== WORK INSTRUCTIONS ==
What you output must match the entries exactly, apart from the pictures, which are left out.

== INPUT RECORDS ==
┌────────

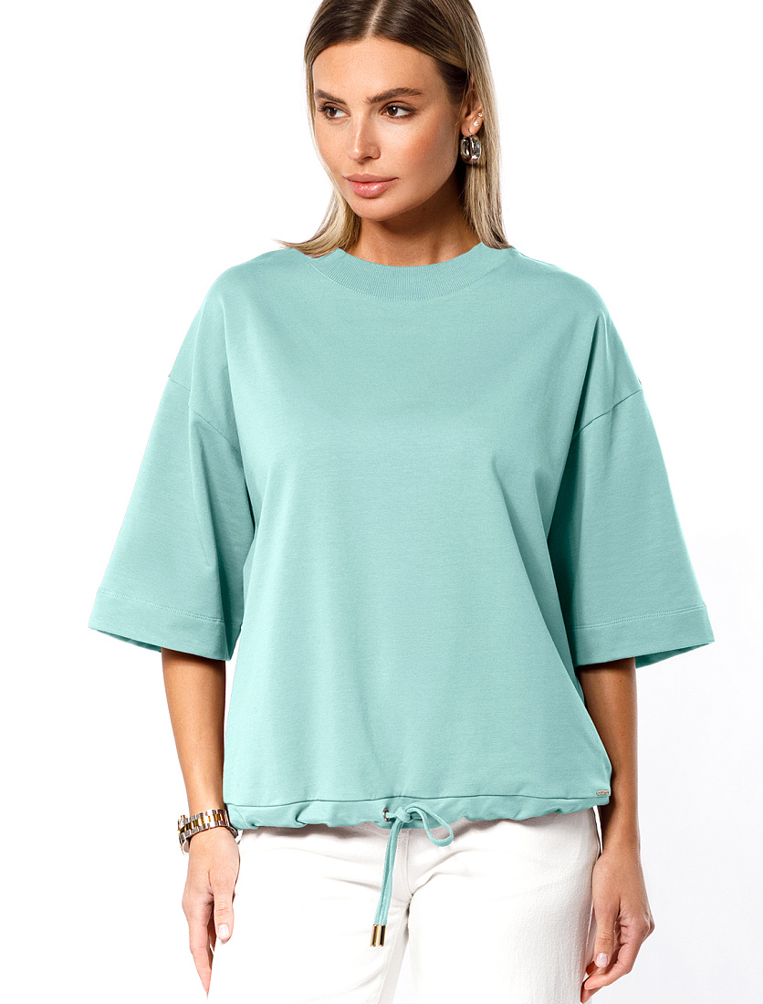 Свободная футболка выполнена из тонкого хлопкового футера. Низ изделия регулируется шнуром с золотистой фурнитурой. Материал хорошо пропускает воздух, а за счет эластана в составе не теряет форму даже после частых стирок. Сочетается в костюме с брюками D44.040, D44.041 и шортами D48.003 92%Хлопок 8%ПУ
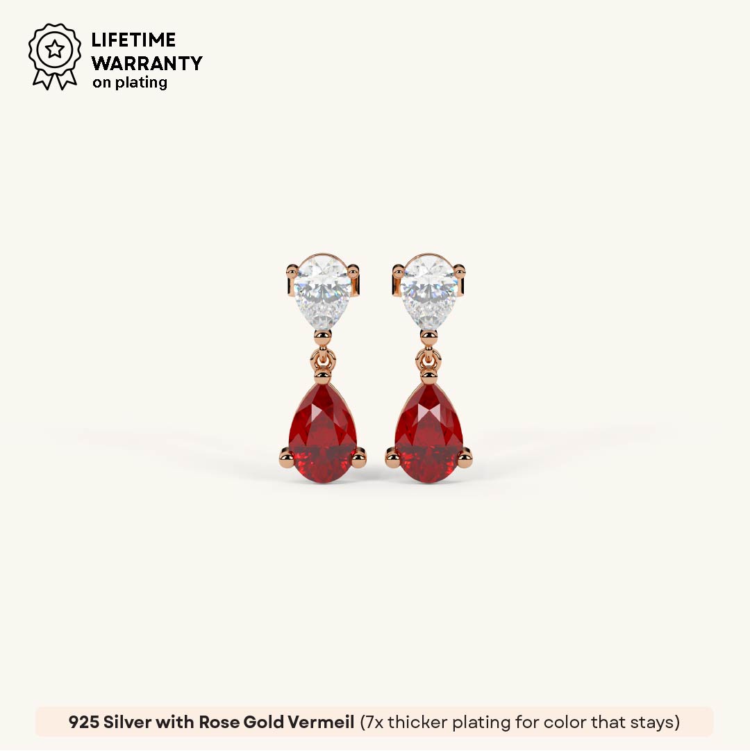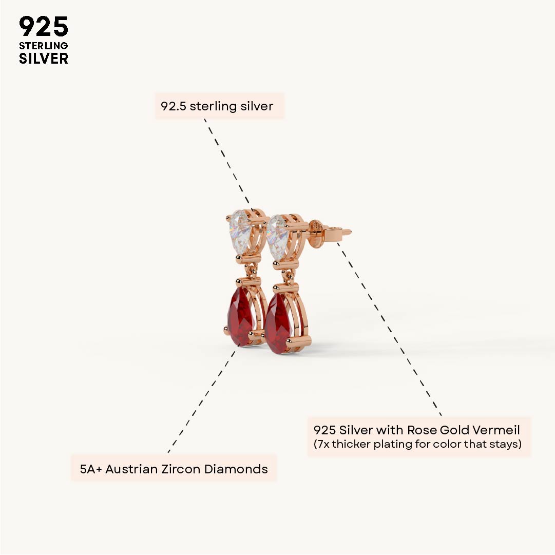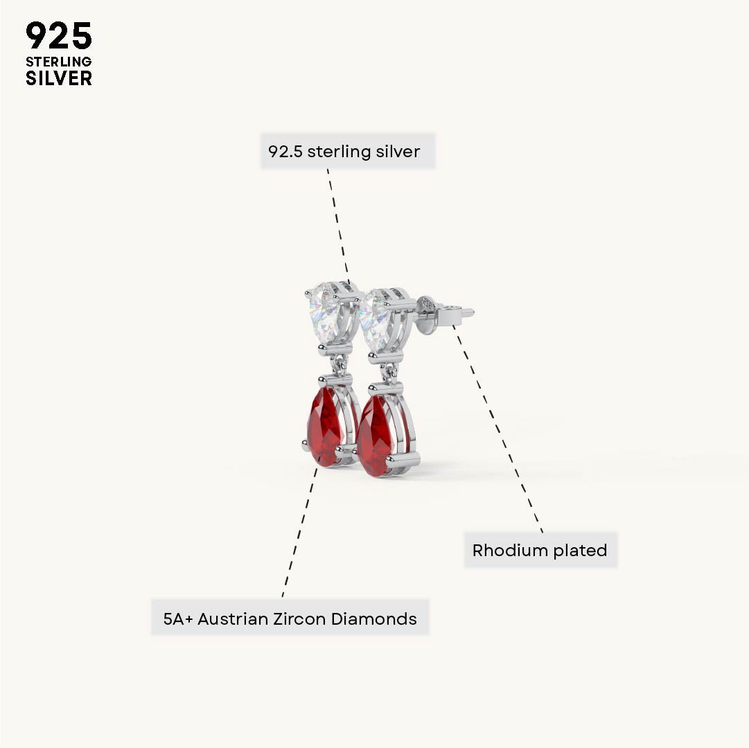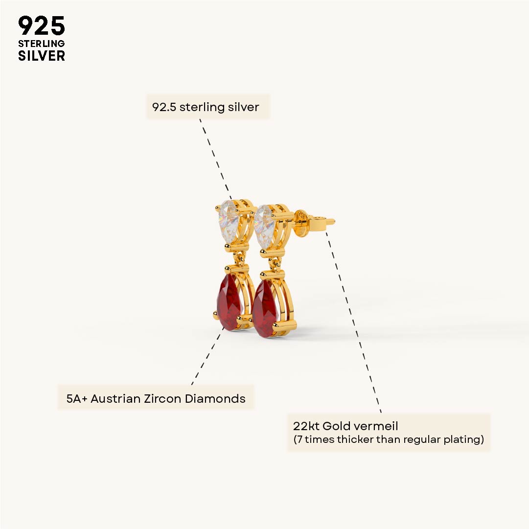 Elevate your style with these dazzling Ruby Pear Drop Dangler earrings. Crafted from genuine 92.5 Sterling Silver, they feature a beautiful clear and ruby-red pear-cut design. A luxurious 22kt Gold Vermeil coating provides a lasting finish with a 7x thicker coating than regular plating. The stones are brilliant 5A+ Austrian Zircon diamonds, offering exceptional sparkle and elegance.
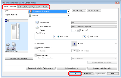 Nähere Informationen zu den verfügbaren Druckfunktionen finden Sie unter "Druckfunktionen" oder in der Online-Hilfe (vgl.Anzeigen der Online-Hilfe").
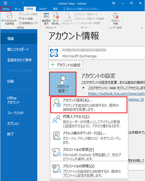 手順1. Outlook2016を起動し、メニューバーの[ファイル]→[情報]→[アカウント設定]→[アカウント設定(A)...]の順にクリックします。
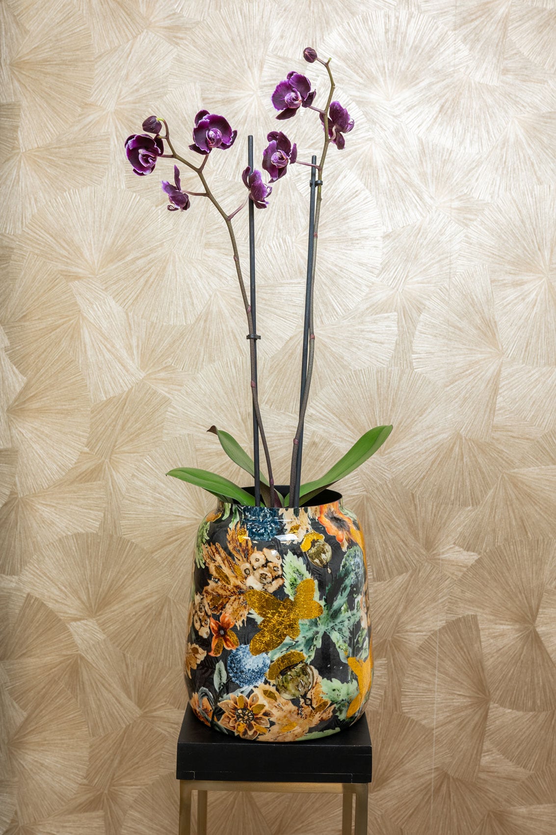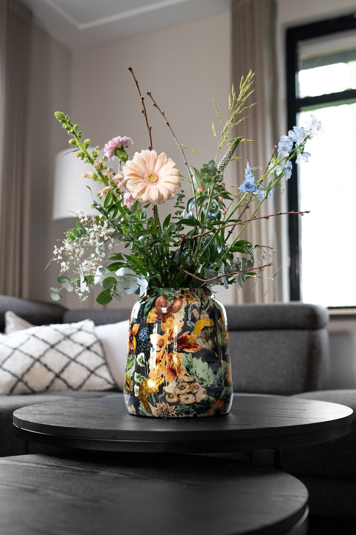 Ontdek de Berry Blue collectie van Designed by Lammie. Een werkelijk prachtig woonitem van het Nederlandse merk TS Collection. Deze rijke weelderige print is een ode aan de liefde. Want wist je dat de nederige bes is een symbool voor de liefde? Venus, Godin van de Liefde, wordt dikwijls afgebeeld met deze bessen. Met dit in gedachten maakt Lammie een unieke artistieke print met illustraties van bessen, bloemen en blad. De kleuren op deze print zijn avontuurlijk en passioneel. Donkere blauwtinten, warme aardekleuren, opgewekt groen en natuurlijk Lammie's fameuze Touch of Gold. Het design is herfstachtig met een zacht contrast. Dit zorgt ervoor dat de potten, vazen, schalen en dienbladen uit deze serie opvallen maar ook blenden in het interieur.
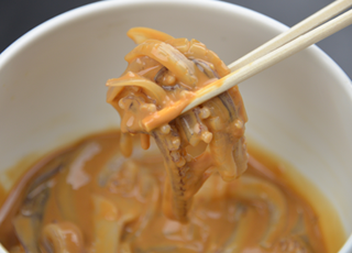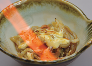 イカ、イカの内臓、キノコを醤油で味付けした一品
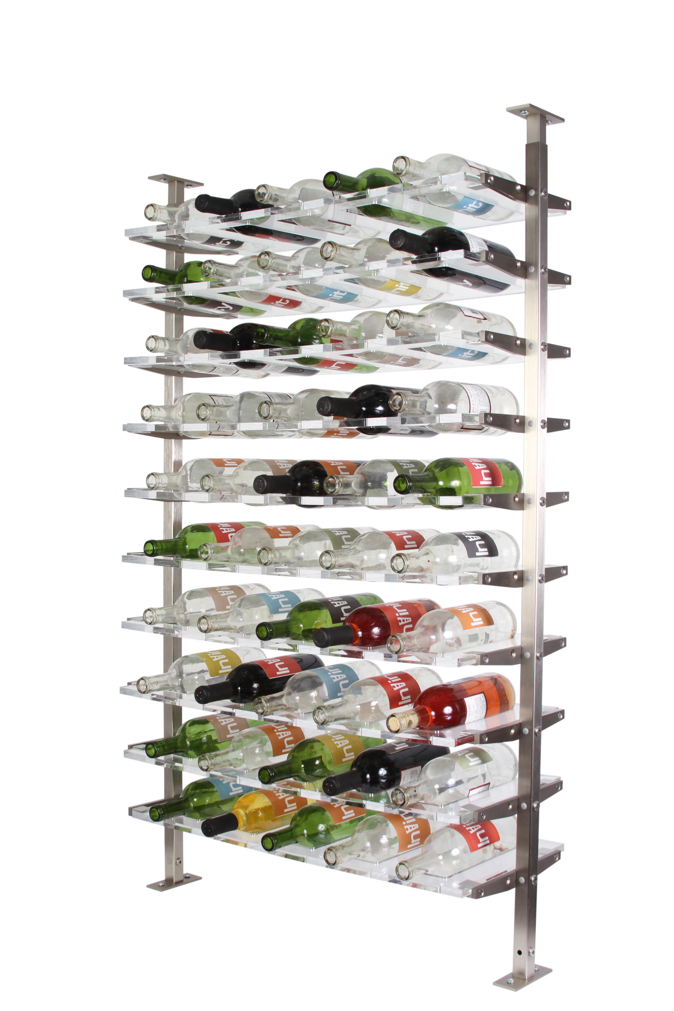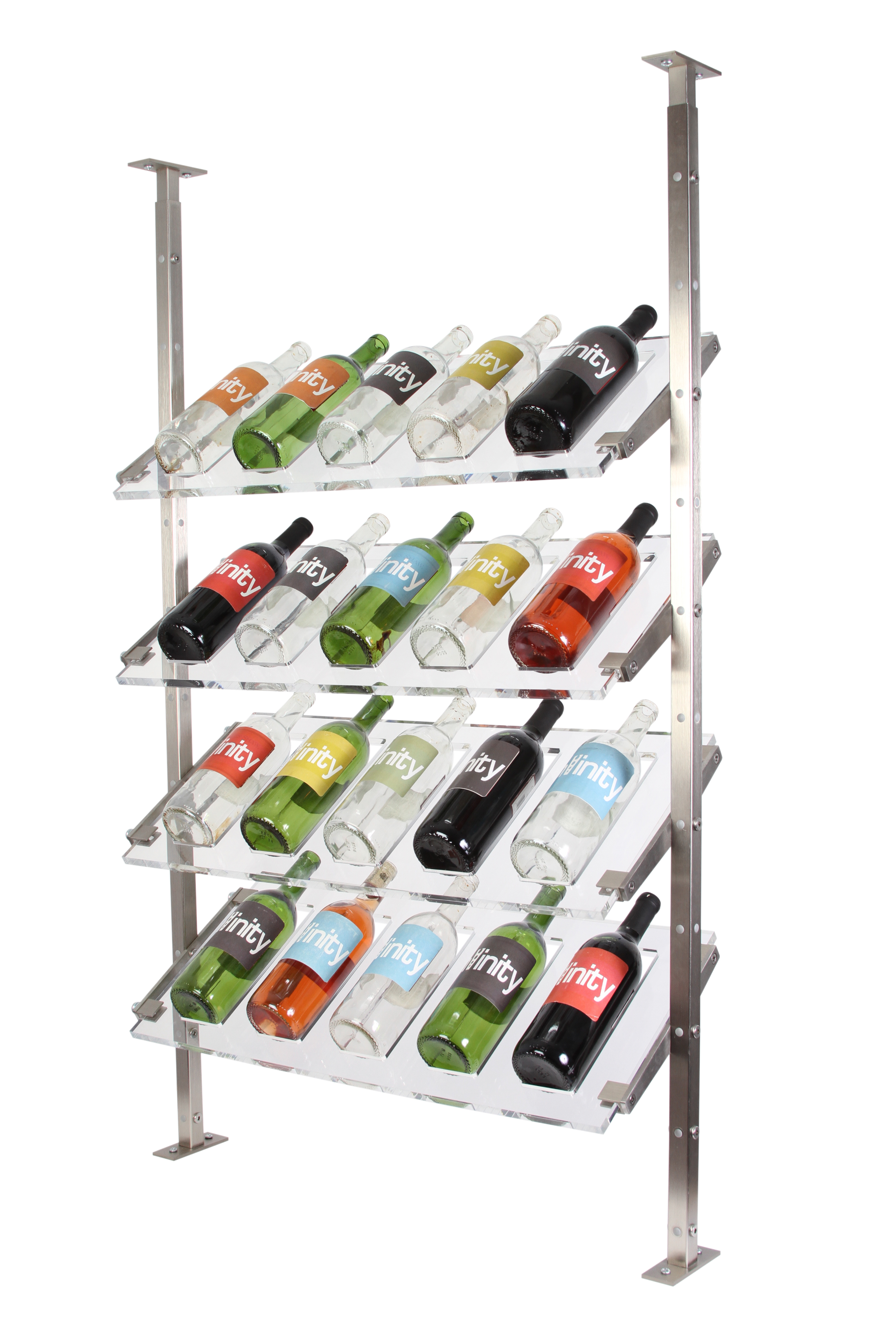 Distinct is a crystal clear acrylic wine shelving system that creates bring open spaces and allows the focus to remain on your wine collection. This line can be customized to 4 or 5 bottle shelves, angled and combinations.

└────────

== PROBLEM SOLUTION ==
 Свободная футболка выполнена из тонкого хлопкового футера. Низ изделия регулируется шнуром с золотистой фурнитурой. Материал хорошо пропускает воздух, а за счет эластана в составе не теряет форму даже после частых стирок. Сочетается в костюме с брюками D44.040, D44.041 и шортами D48.003 92%Хлопок 8%ПУ
 Elevate your style with these dazzling Ruby Pear Drop Dangler earrings. Crafted from genuine 92.5 Sterling Silver, they feature a beautiful clear and ruby-red pear-cut design. A luxurious 22kt Gold Vermeil coating provides a lasting finish with a 7x thicker coating than regular plating. The stones are brilliant 5A+ Austrian Zircon diamonds, offering exceptional sparkle and elegance.
 Nähere Informationen zu den verfügbaren Druckfunktionen finden Sie unter "Druckfunktionen" oder in der Online-Hilfe (vgl.Anzeigen der Online-Hilfe").
 手順1. Outlook2016を起動し、メニューバーの[ファイル]→[情報]→[アカウント設定]→[アカウント設定(A)...]の順にクリックします。
 Ontdek de Berry Blue collectie van Designed by Lammie. Een werkelijk prachtig woonitem van het Nederlandse merk TS Collection. Deze rijke weelderige print is een ode aan de liefde. Want wist je dat de nederige bes is een symbool voor de liefde? Venus, Godin van de Liefde, wordt dikwijls afgebeeld met deze bessen. Met dit in gedachten maakt Lammie een unieke artistieke print met illustraties van bessen, bloemen en blad. De kleuren op deze print zijn avontuurlijk en passioneel. Donkere blauwtinten, warme aardekleuren, opgewekt groen en natuurlijk Lammie's fameuze Touch of Gold. Het design is herfstachtig met een zacht contrast. Dit zorgt ervoor dat de potten, vazen, schalen en dienbladen uit deze serie opvallen maar ook blenden in het interieur.
 イカ、イカの内臓、キノコを醤油で味付けした一品
 Distinct is a crystal clear acrylic wine shelving system that creates bring open spaces and allows the focus to remain on your wine collection. This line can be customized to 4 or 5 bottle shelves, angled and combinations.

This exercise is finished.